§ **Given material**:
=-=-=-=-=

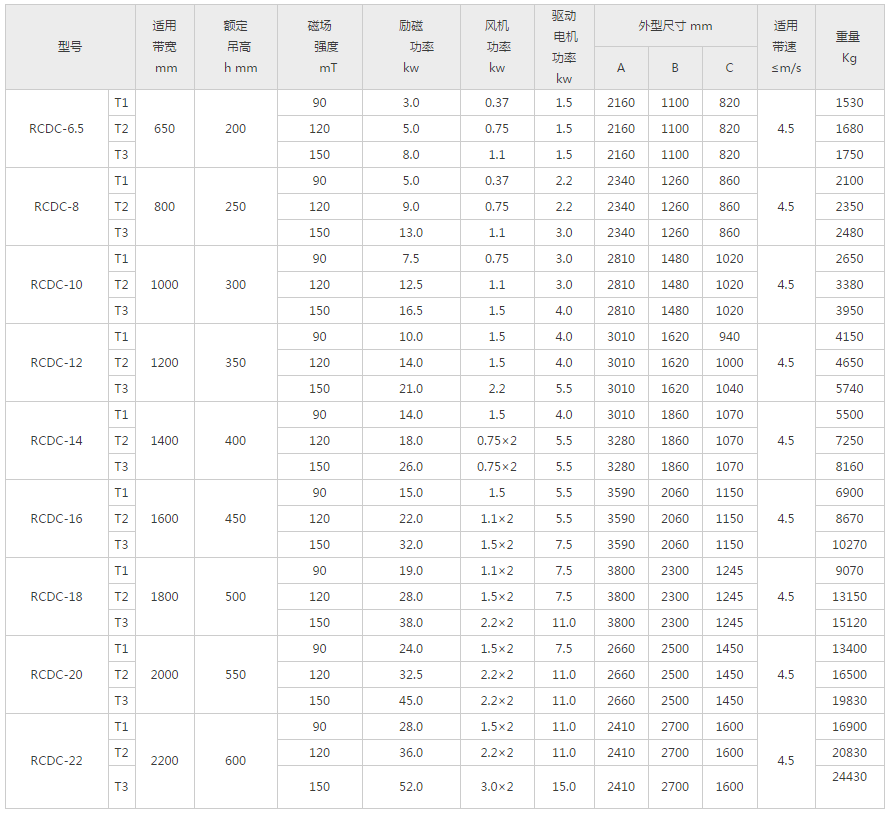 RCDC型風冷電磁成人午夜视频网站,是在RCDA係列除鐵器的基礎上增加了驅動電機、滾筒、帶刮板的卸鐵膠帶等組成的卸鐵機構。在工作過程中卸鐵機構自動將卸鐵皮帶吸附的鐵磁性物質卸到集鐵箱內,無需停電人工清理,實現了除鐵自動化。
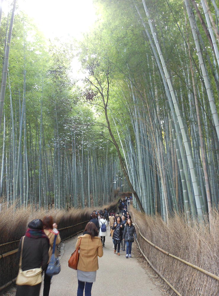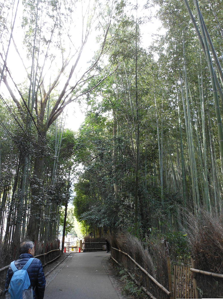 この辺りがよくポスターなどに登場する「嵯峨野の竹林」だ。さすがに青々しい。「竹林の三賢人やな」「ははは」
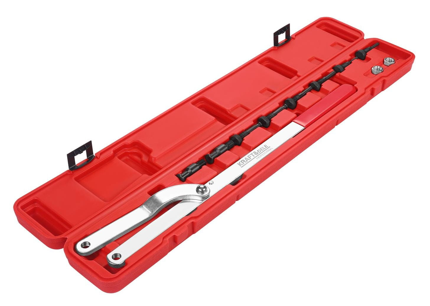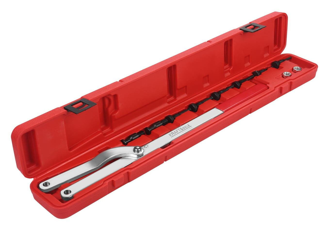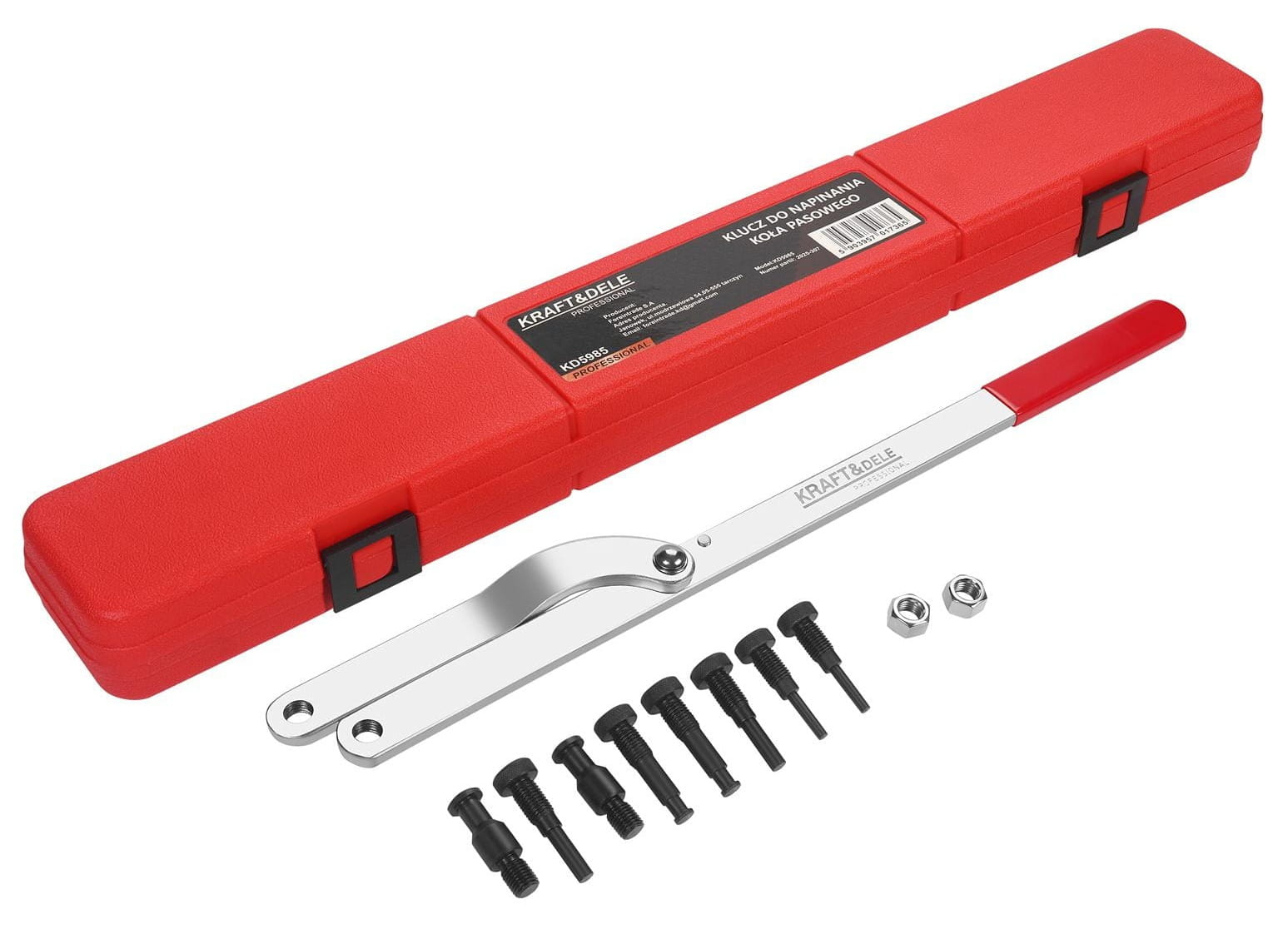 CHEIE DE TENSIONARE A ROLETEI KD5985 KD5985 este o cheie profesională pentru tensionarea scripetelor, concepută pentru utilizare universală în atelierele auto. Cu un mâner reglabil de 53 cm și o gamă largă de operare de 40–220 mm, cheia se potrivește majorității modelelor de vehicule disponibile pe piață. Echipată cu știfturi conice înlocuibile și o construcție robustă, cheia asigură o prindere sigură și o fixare precisă. Întreaga unitate este ambalată într-o cutie practică din plastic pentru depozitare și transport ușor.

=-=-=-=-=

§ **Goal of the exercise**: Retype the material in full, exactly as written, and exclude the pictures.

§ **Answer to this task**:
 RCDC型風冷電磁成人午夜视频网站,是在RCDA係列除鐵器的基礎上增加了驅動電機、滾筒、帶刮板的卸鐵膠帶等組成的卸鐵機構。在工作過程中卸鐵機構自動將卸鐵皮帶吸附的鐵磁性物質卸到集鐵箱內,無需停電人工清理,實現了除鐵自動化。
 この辺りがよくポスターなどに登場する「嵯峨野の竹林」だ。さすがに青々しい。「竹林の三賢人やな」「ははは」
 CHEIE DE TENSIONARE A ROLETEI KD5985 KD5985 este o cheie profesională pentru tensionarea scripetelor, concepută pentru utilizare universală în atelierele auto. Cu un mâner reglabil de 53 cm și o gamă largă de operare de 40–220 mm, cheia se potrivește majorității modelelor de vehicule disponibile pe piață. Echipată cu știfturi conice înlocuibile și o construcție robustă, cheia asigură o prindere sigură și o fixare precisă. Întreaga unitate este ambalată într-o cutie practică din plastic pentru depozitare și transport ușor.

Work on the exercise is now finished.